Disclaimer: This material is provided for educational and informational purposes only. It does not constitute legal advice, medical advice, or regulatory guidance. Requirements, interpretations, and enforcement practices may vary and are subject to change. Always verify current requirements directly with the North Carolina Medical Board, the North Carolina Board of Nursing, and the North Carolina Board of Pharmacy, and consult qualified healthcare legal counsel before making decisions or taking action.
Executive Summary
- Only a North Carolina–licensed physician (MD/DO) may serve as the medical director for medical procedures. Nonphysicians may own the business entity, but they may not practice medicine or control medical decision-making. Most medspas use a physician-led clinical structure for medical services, with a separate administrative or management entity handling business operations.
- Physicians may delegate medical acts, including injectables and device-based services, to qualified staff and may support prescribing by APRNs and PAs through written collaborative or supervisory arrangements. North Carolina does not impose a fixed numerical cap on supervised providers, but oversight must be appropriate to the services offered and consistent with board expectations.
- Collaboration or supervision arrangements should be in writing and address authorized services, consultation and referral processes, communication expectations, and quality oversight such as chart or case review.
- The North Carolina Medical Board issues position statements and guidance that shape delegation, telemedicine, and supervision standards. Clinics should ensure written policies align with current board expectations and actual practice.
- North Carolina does not operate a separate statewide laser facility licensing program. However, injectables and energy-based procedures are treated as medical services and require physician-approved protocols, documented training, supervision, and device records.
- While North Carolina has not enacted a single aesthetics-specific statute in recent years, regulators have increased scrutiny of injectables, supervision structures, and marketing practices. Clinics should monitor board updates and ensure delegation, documentation, and advertising remain accurate and compliant.
North Carolina medspa compliance can be complex due to corporate practice considerations, physician supervision expectations, and board oversight of delegation and prescribing. Between limits on who may control medical decision making, requirements for physician involvement in aesthetic procedures, and evolving scrutiny of injectables and device based services, it is easy for clinics to overlook an obligation that later becomes a board inquiry or insurance issue.

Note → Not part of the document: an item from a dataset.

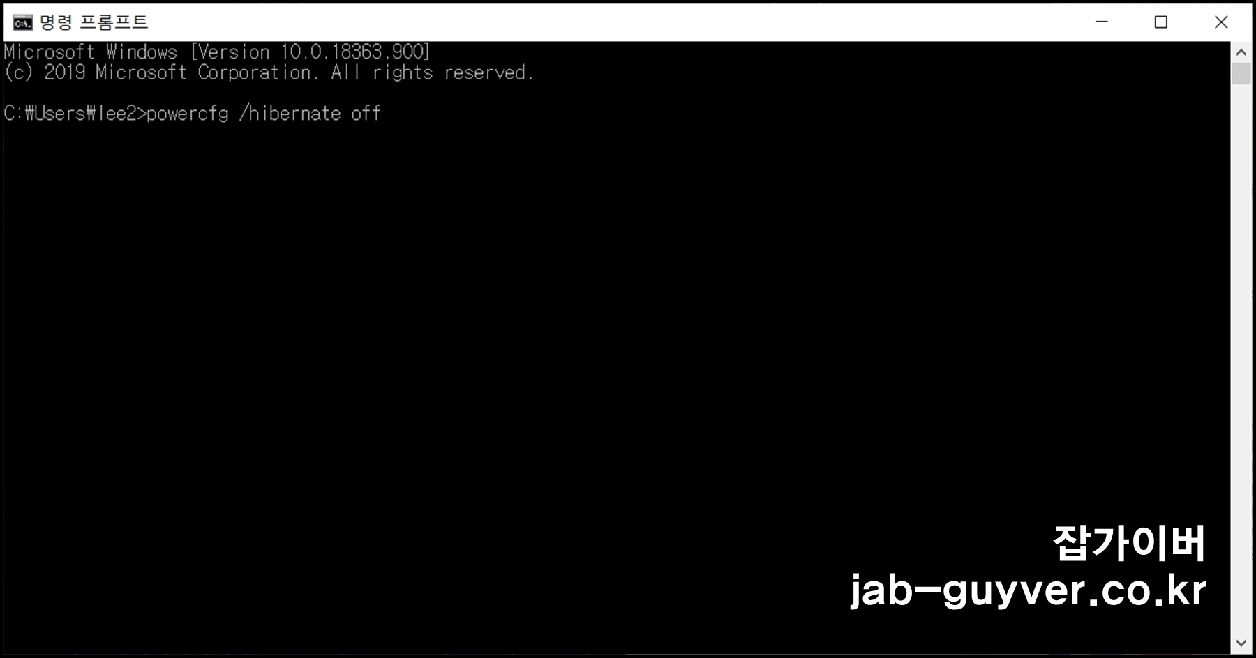 - "명령 프롬프트(관리자)" 선택 후 powercfg /hibernate off 입력 후 엔터

This page brings the key elements together for North Carolina medspas, including who may serve as a medical director, how collaboration and supervision work for NPs and PAs, what delegation looks like in day to day practice, what is permitted with injectables and aesthetic devices, and the practice structures commonly used to remain compliant. Where helpful, we reference the state boards and resources that regulators expect clinics to understand.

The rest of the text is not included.